◆ **TASK INPUT**:
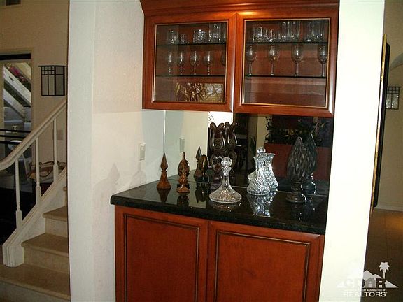Beautiful Sandroc 2 Community, only 20 units located just one half block from famous El Paseo Shops and restaurants. This is the largest plan available, which has been upgraded, including granite counters, French doors, built-ins. New windows, wired for outside speakers, Tommy Bahama Fans, newer appliances, Wine Cooler in Kitchen. Newer A/C system, Jerusalem stone stairway. One bedroom on main floor and one upstairs with lovely balcony. Large fenced rear yard with built-in BBQ, slate and concrete floors. Sattelite Dish. Professionally decorated, Turn-key furnishings are negotiable. This is a prime property and very seldom on the Market.
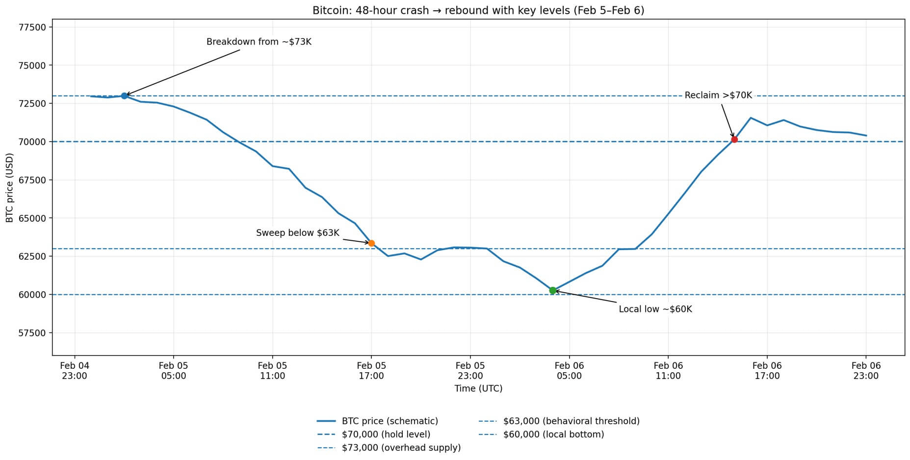 6 de fevereiro abriu onde 5 de fevereiro fechou, caiu para um mínimo intradiário perto de $60.000, então subiu para um máximo em torno de $71.422, que não conseguiu ultrapassar três vezes antes de cair de volta abaixo de $70.000.
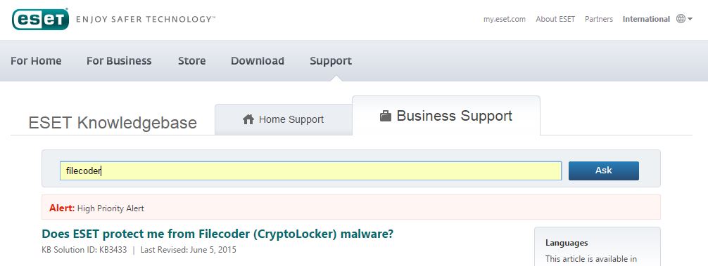 Zbog povećanog broja prijavljenih slučajeva filecodera, jedne od varijanti ransomeware infekcija o kojima smo pisali više puta, u nastavku ćemo navesti zvanične ESET-ove preporuke sa strane “Does ESET protect me from Filecoder (CryptoLocker) malware?”. Podsećanja radi, ransomeware je težak tip infekcije koji nakon infiltracije zaključava sva korisnička dokumenta na računaru bez mogućnosti otključavanja, sem ukoliko se ne plati otkup (ransom).
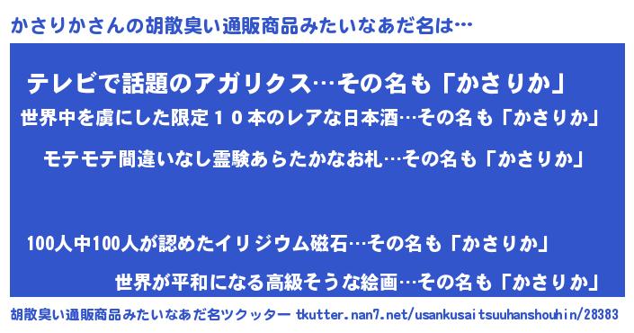 | 男性向けラノベタイトル風あだ名 | 『かさりかの憂鬱』『魔弾の王とかさりか』 |
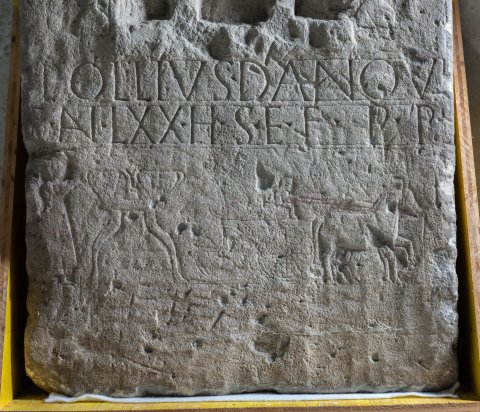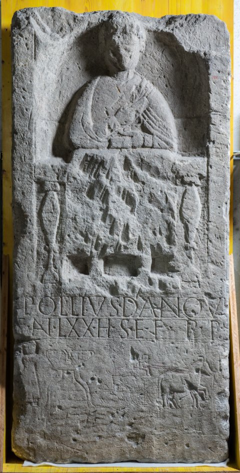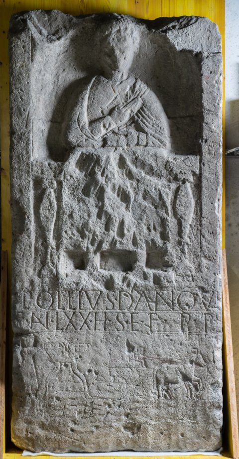 - Pollius Danovi / f(ilius) an(norum) LXX h(ic) s(itus) e(st) f(ilius oder filii) p(atri) p(osuit oder posuerunt)
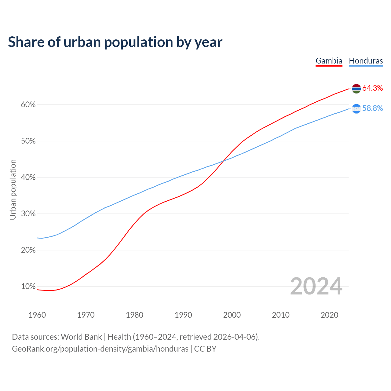 From 2004 to 2024, the share of urban population changed from 51.5% to 64.3% in the Gambia and from 47.6% to 58.8% in Honduras.
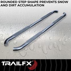 The TrailFX A0063T 3-inch nerf bars provide a rugged step solution for your 2019-2024 Jeep Gladiator JT. These black powder-coated steel nerf bars combine functional side step access with aggressive styling that complements the Gladiator's off-road character.
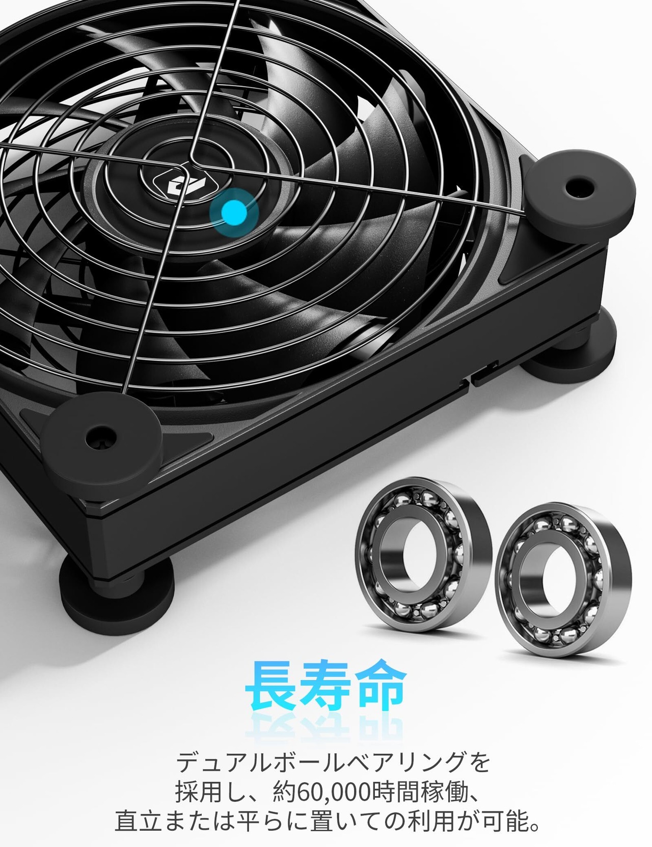 【高品質ベアリング】ミニファンは省エネで静音設計、デュアルボールベアリングを採用、回転の安定性を確保するほか、冷却ファンのブレードが揺れる問題を解決し、ファンの騒音を最小限に抑えながら、必要なときに最大の冷却性能を提供し、冷却ファンの寿命を延ばし、約60000時間の理論寿命、別仕様のベアリングと比べてもっと長くご使用頂けます。
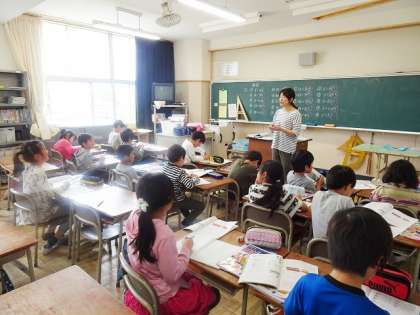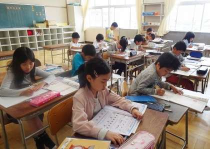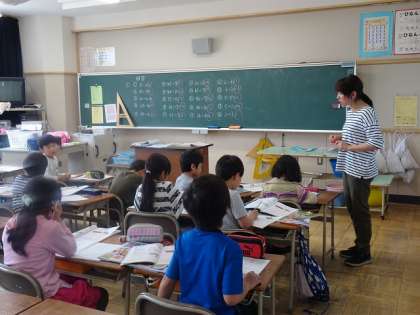 2つの教室に分かれて、少人数指導で授業が行われていました。

◆ **INSTRUCTIONS TO FOLLOW**:
Once the pictures are set aside, repeat the remaining data word for word.

◆ **SOLUTION TO THE PROBLEM**:
Beautiful Sandroc 2 Community, only 20 units located just one half block from famous El Paseo Shops and restaurants. This is the largest plan available, which has been upgraded, including granite counters, French doors, built-ins. New windows, wired for outside speakers, Tommy Bahama Fans, newer appliances, Wine Cooler in Kitchen. Newer A/C system, Jerusalem stone stairway. One bedroom on main floor and one upstairs with lovely balcony. Large fenced rear yard with built-in BBQ, slate and concrete floors. Sattelite Dish. Professionally decorated, Turn-key furnishings are negotiable. This is a prime property and very seldom on the Market.
 6 de fevereiro abriu onde 5 de fevereiro fechou, caiu para um mínimo intradiário perto de $60.000, então subiu para um máximo em torno de $71.422, que não conseguiu ultrapassar três vezes antes de cair de volta abaixo de $70.000.
 Zbog povećanog broja prijavljenih slučajeva filecodera, jedne od varijanti ransomeware infekcija o kojima smo pisali više puta, u nastavku ćemo navesti zvanične ESET-ove preporuke sa strane “Does ESET protect me from Filecoder (CryptoLocker) malware?”. Podsećanja radi, ransomeware je težak tip infekcije koji nakon infiltracije zaključava sva korisnička dokumenta na računaru bez mogućnosti otključavanja, sem ukoliko se ne plati otkup (ransom).
 | 男性向けラノベタイトル風あだ名 | 『かさりかの憂鬱』『魔弾の王とかさりか』 |
 - Pollius Danovi / f(ilius) an(norum) LXX h(ic) s(itus) e(st) f(ilius oder filii) p(atri) p(osuit oder posuerunt)
 From 2004 to 2024, the share of urban population changed from 51.5% to 64.3% in the Gambia and from 47.6% to 58.8% in Honduras.
 The TrailFX A0063T 3-inch nerf bars provide a rugged step solution for your 2019-2024 Jeep Gladiator JT. These black powder-coated steel nerf bars combine functional side step access with aggressive styling that complements the Gladiator's off-road character.
 【高品質ベアリング】ミニファンは省エネで静音設計、デュアルボールベアリングを採用、回転の安定性を確保するほか、冷却ファンのブレードが揺れる問題を解決し、ファンの騒音を最小限に抑えながら、必要なときに最大の冷却性能を提供し、冷却ファンの寿命を延ばし、約60000時間の理論寿命、別仕様のベアリングと比べてもっと長くご使用頂けます。
 2つの教室に分かれて、少人数指導で授業が行われていました。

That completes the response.